Évolution du marché : Appareils sanitaires en céramique (CN 6910) — 2015–2025
Introduction
Ce rapport analyse l'évolution des échanges commerciaux de l'Union européenne avec le reste du monde pour la nomenclature combinée 6910, qui couvre les éviers, lavabos, baignoires, bidets, cuvettes d'aisance, réservoirs de chasse, urinoirs et appareils sanitaires fixes similaires en céramique (à l'exception des accessoires porte-savon, porte-éponge, etc.). Cette catégorie se décline en deux sous-positions : la porcelaine (691010) et les autres céramiques (691090). La période analysée s'étend de 2015 à 2025, une décennie marquée par des mutations structurelles profondes dans la géographie et la nature des flux commerciaux de l'UE.

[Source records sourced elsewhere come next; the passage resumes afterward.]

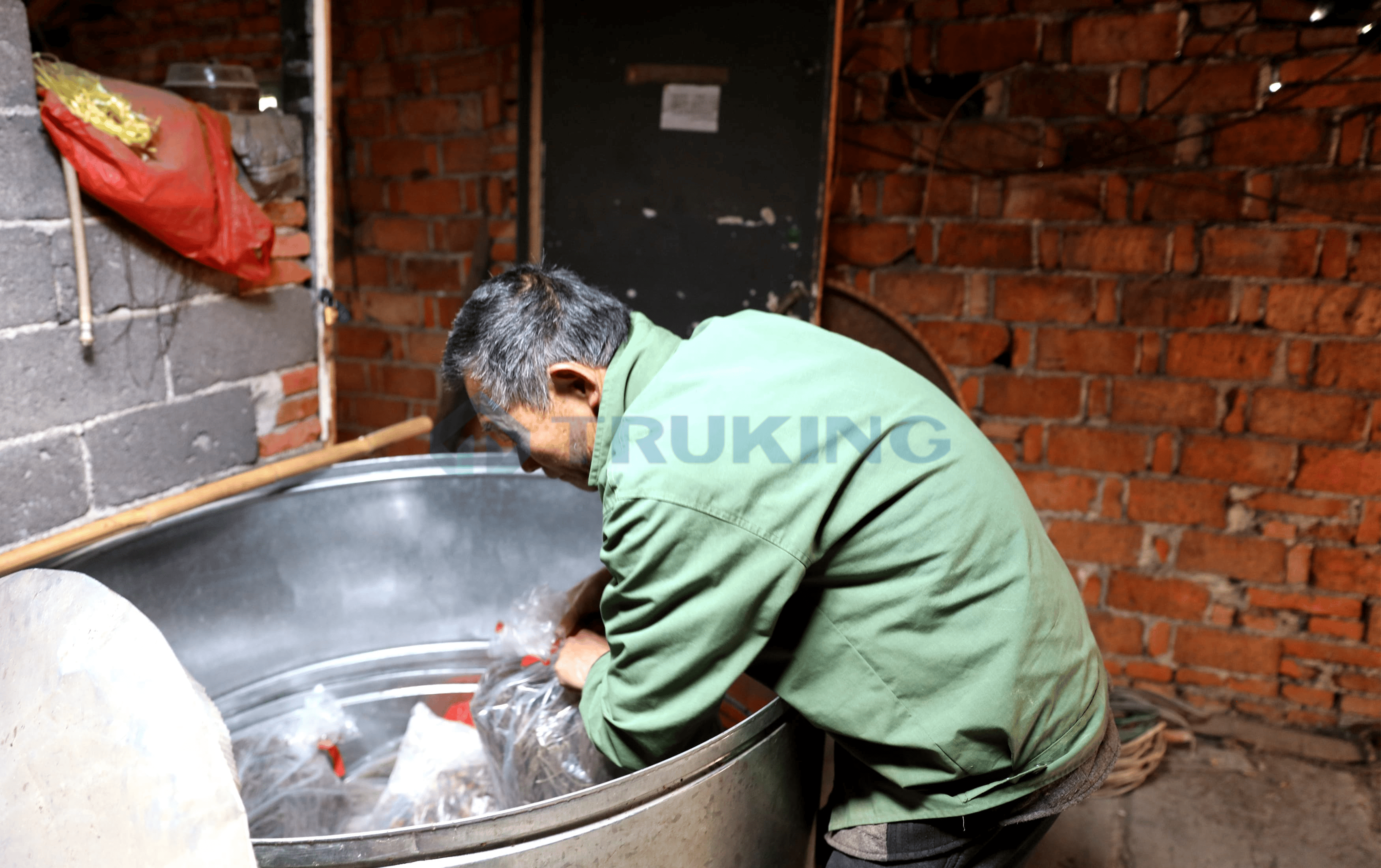 徐桂才(中)自己制作了200多斤红薯粉,这是当地的一种传统特色食品,但零售困难,经南岭村支书周立军(左)的介绍,OD平台,OD(中国)科技按精准扶贫政策一次性收购,徐桂才非常开心
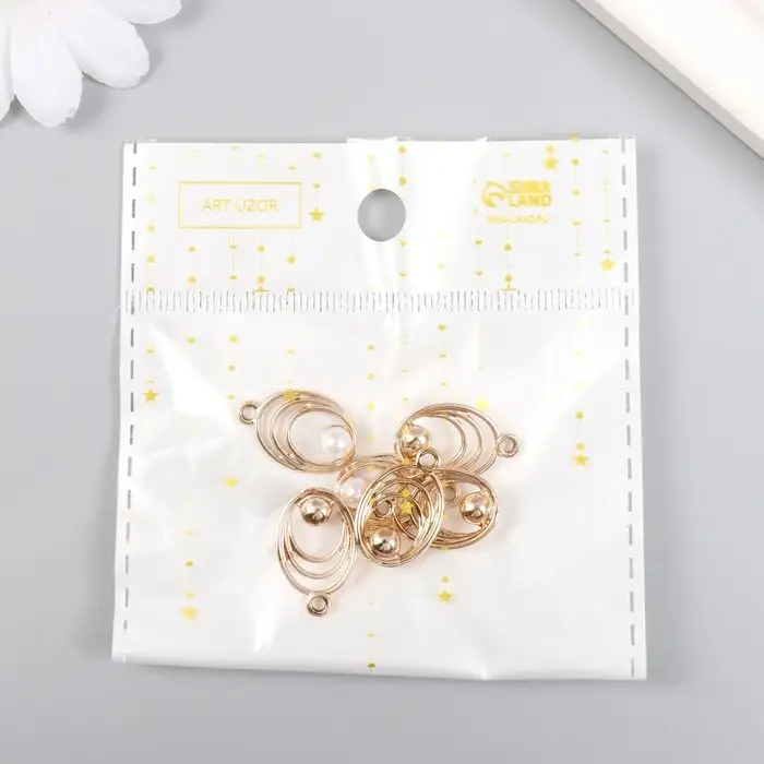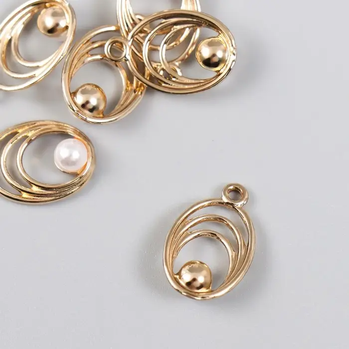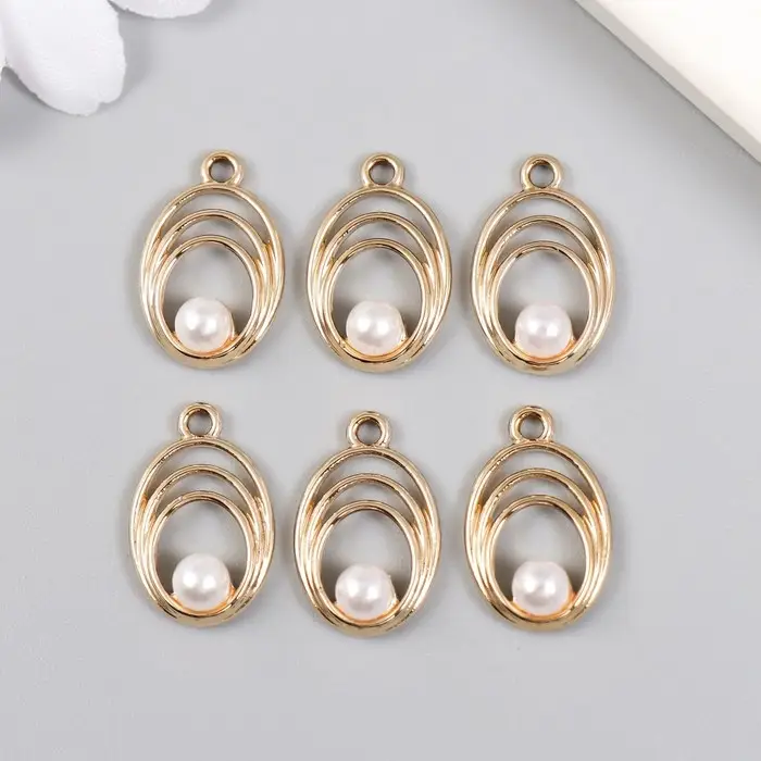 Декор для творчества металл, пластик "Овал с бусинкой" 1,2х2 см
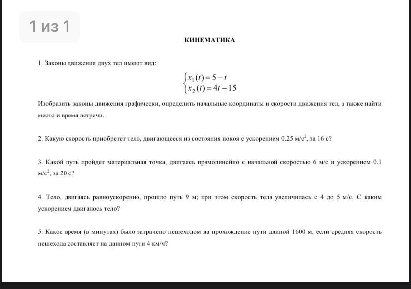 1. Уравнение равномерного движения: , соответственно поданные уравнения являются им =>

Les données générales révèlent un basculement spectaculaire : l'UE est passée d'une position d'excédent commercial de 118 M€ en 2015 à un déficit de 367 M€ en 2025, soit une variation de −410 %. Ce renversement traduit à la fois un recul des exportations (−8,5 % en valeur, −38,6 % en volume) et une explosion des importations (+119 % en valeur, +88,3 % en volume). Comprendre les dynamiques à l'œuvre nécessite d'examiner trois dimensions : la transformation structurelle de la balance commerciale, la géographie des approvisionnements et des débouchés, et la repositionnement de l'UE vers des segments à plus forte valeur ajoutée.

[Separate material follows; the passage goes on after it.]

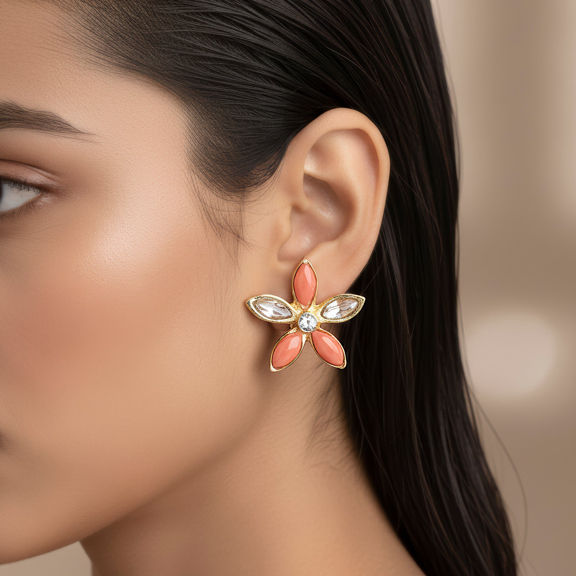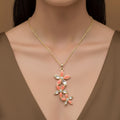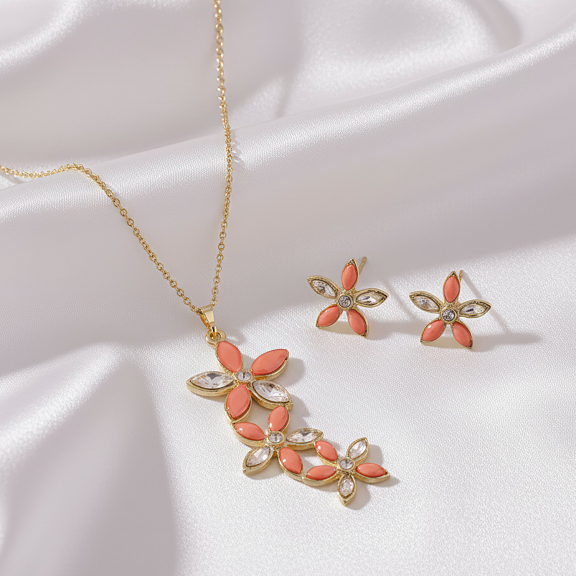 This exquisite pendant combination creates a beautiful and feminine charm by fusing glittering crystals with delicate flower enamel craftsmanship. The pendant's exquisitely designed floral motif is complemented by glistening stones that capture light from every direction. The combination is ideal for both informal and festive situations because its matching earrings reflect the same fine craftsmanship. The crystals provide an opulent touch of brilliance, while the enamel work provides a splash of color and sophistication. This combination adds sophisticated elegance to any ensemble and is lightweight and comfortable to wear. Perfect for presenting or wearing on your own, it exquisitely combines contemporary design with classic flower inspiration, giving your ensemble a bright final touch.

1. L'effondrement de la production européenne et l'inversion du solde commercial
Une production nationale en déclin accéléré
La production de l'UE d'appareils sanitaires en céramique a connu un recul marqué sur la période. En volume, la production est passée de 50,2 millions de pièces (valeur la plus élevée observée) à seulement 22,7 millions de pièces en 2025, soit une contraction de 54,8 %. En valeur, le déclin est plus modéré (−16,8 %), passant de 1,80 milliard d'euros à 1,50 milliard, ce qui suggère une montée en gamme partielle de la production résiduelle mais ne compense pas la perte de volume.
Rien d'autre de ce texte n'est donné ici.